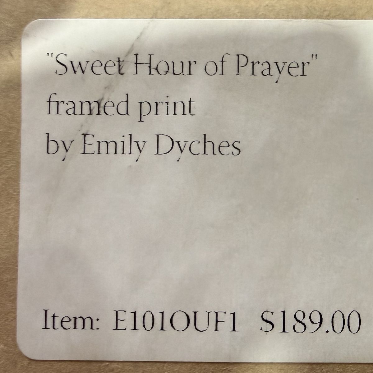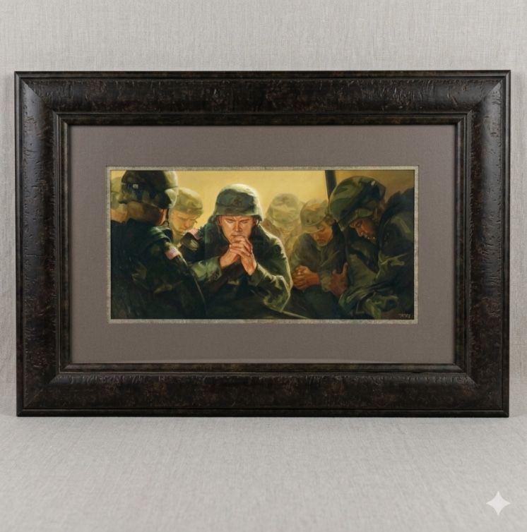 Framed print titled “Sweet Hour of Prayer” by Emily Dyches, published by Altus Fine Art. This piece features a detailed and meaningful military prayer scene, complemented by a high-quality, rustic-style frame that suits a variety of interiors. This is a signed print, making it a more rare and desirable piece for collectors. Only been hung, never stored.
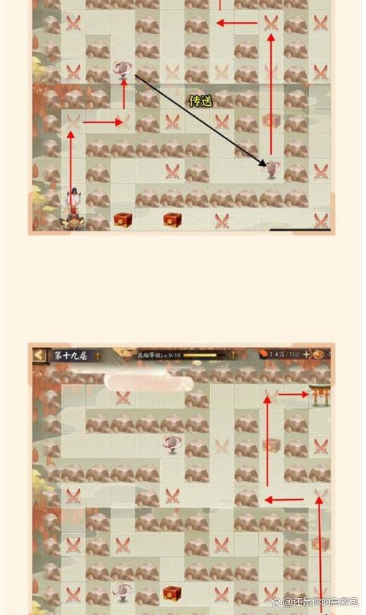 本次爬塔采用走迷宫的形式,路途上会有战斗、答题和宝箱。会有迷雾遮挡路径,你需要根据路径和出口的位置判断正确的路前往下一层。前40层建议大家以最快的速度前往下一层,越往后奖励越丰厚。前20层大家可以选取金币或经验奖励,20层以后选取御魂奖励。
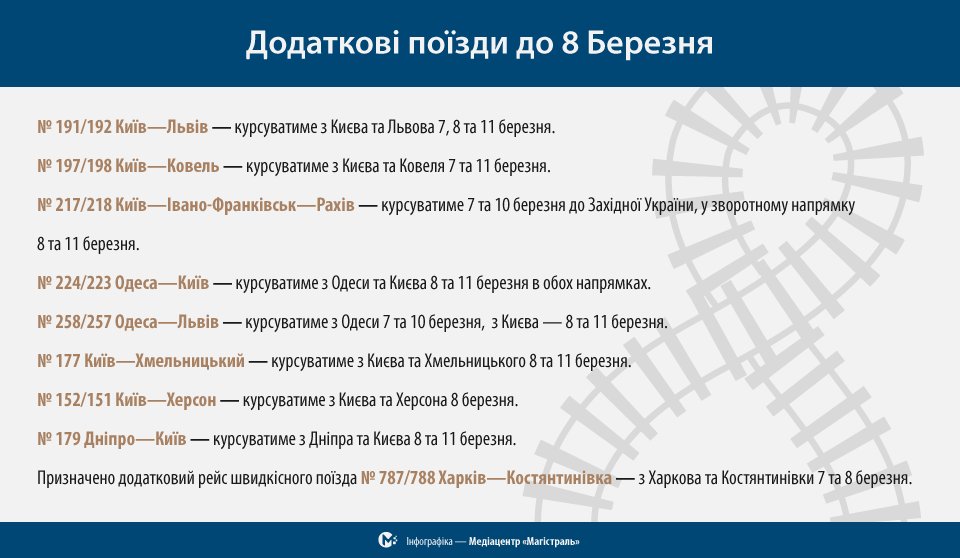 Поїзд № 191/192 Київ – Львів курсуватиме 7, 8 та 11 березня. З Києва відправлення о 08:03 та прибуття до Львова о 18:01. Зі Львова поїзд вирушить о 12:06 та прибуде до Києва о 21:36.
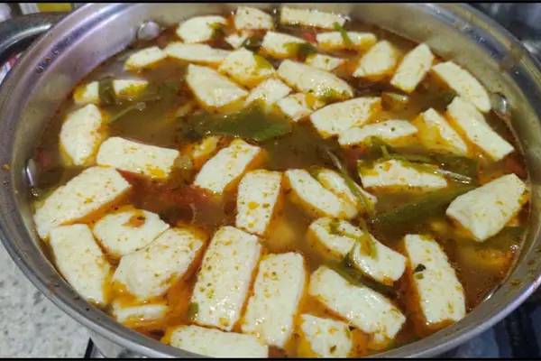 Cuando la papa esté suave, añade los cubos de queso. Cocínalos a fuego bajo hasta que se ablanden, pero sin que se derritan completamente. Una vez que el queso esté suave y el caldo tenga la sazón deseada, retira la olla del fuego, tapa y deja reposar unos minutos para que los sabores se mezclen.
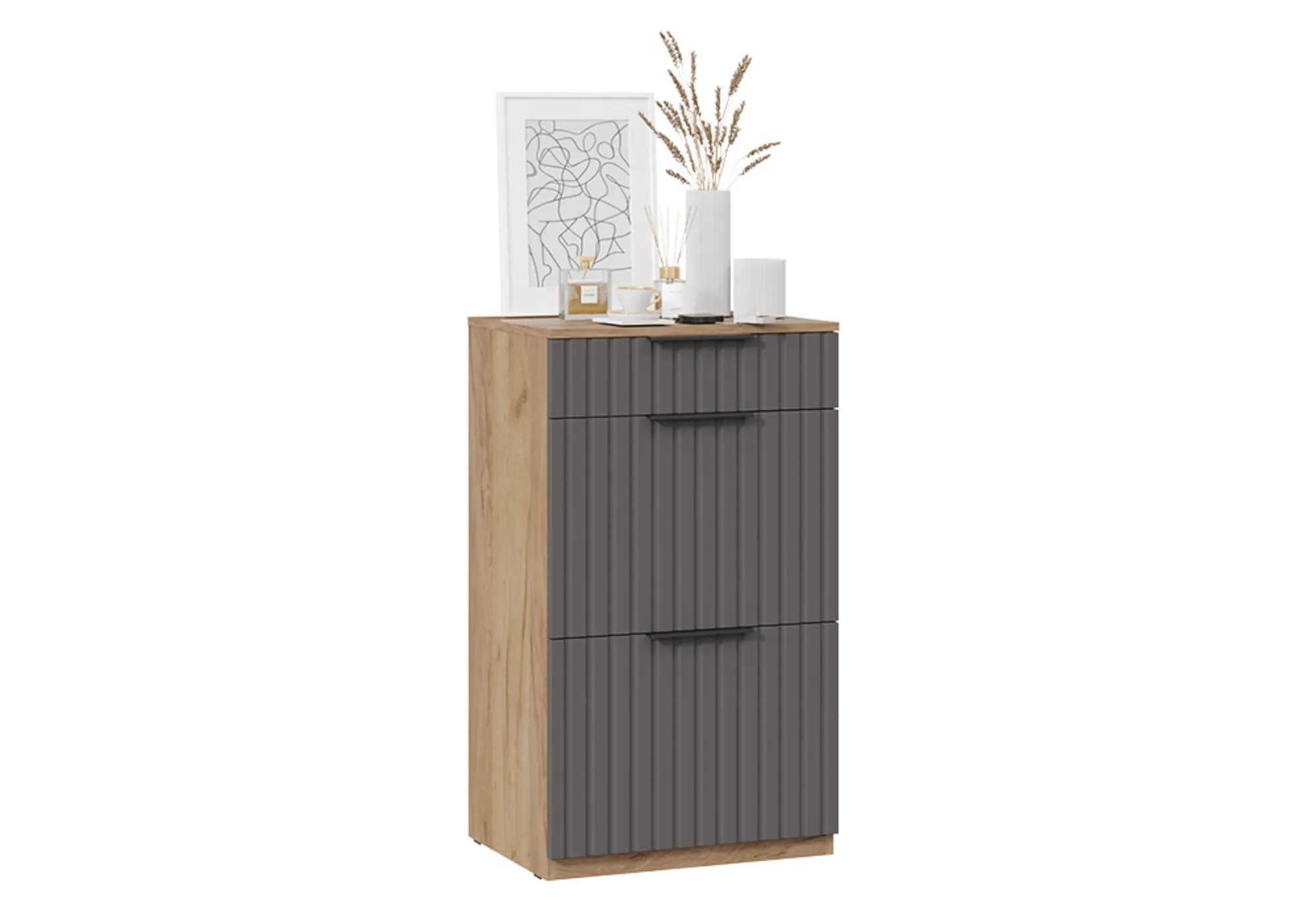 Тумба комбинированная узкая - 2 ящика дуб крафт золотой/графит матовый

===

**Problem to solve**
Only the lines from the one containing "Поїзд № 191/192" through the end of the records above should be retyped, exactly as they stand, with any pictures left out.

**Response area**
 Поїзд № 191/192 Київ – Львів курсуватиме 7, 8 та 11 березня. З Києва відправлення о 08:03 та прибуття до Львова о 18:01. Зі Львова поїзд вирушить о 12:06 та прибуде до Києва о 21:36.
 Cuando la papa esté suave, añade los cubos de queso. Cocínalos a fuego bajo hasta que se ablanden, pero sin que se derritan completamente. Una vez que el queso esté suave y el caldo tenga la sazón deseada, retira la olla del fuego, tapa y deja reposar unos minutos para que los sabores se mezclen.
 Тумба комбинированная узкая - 2 ящика дуб крафт золотой/графит матовый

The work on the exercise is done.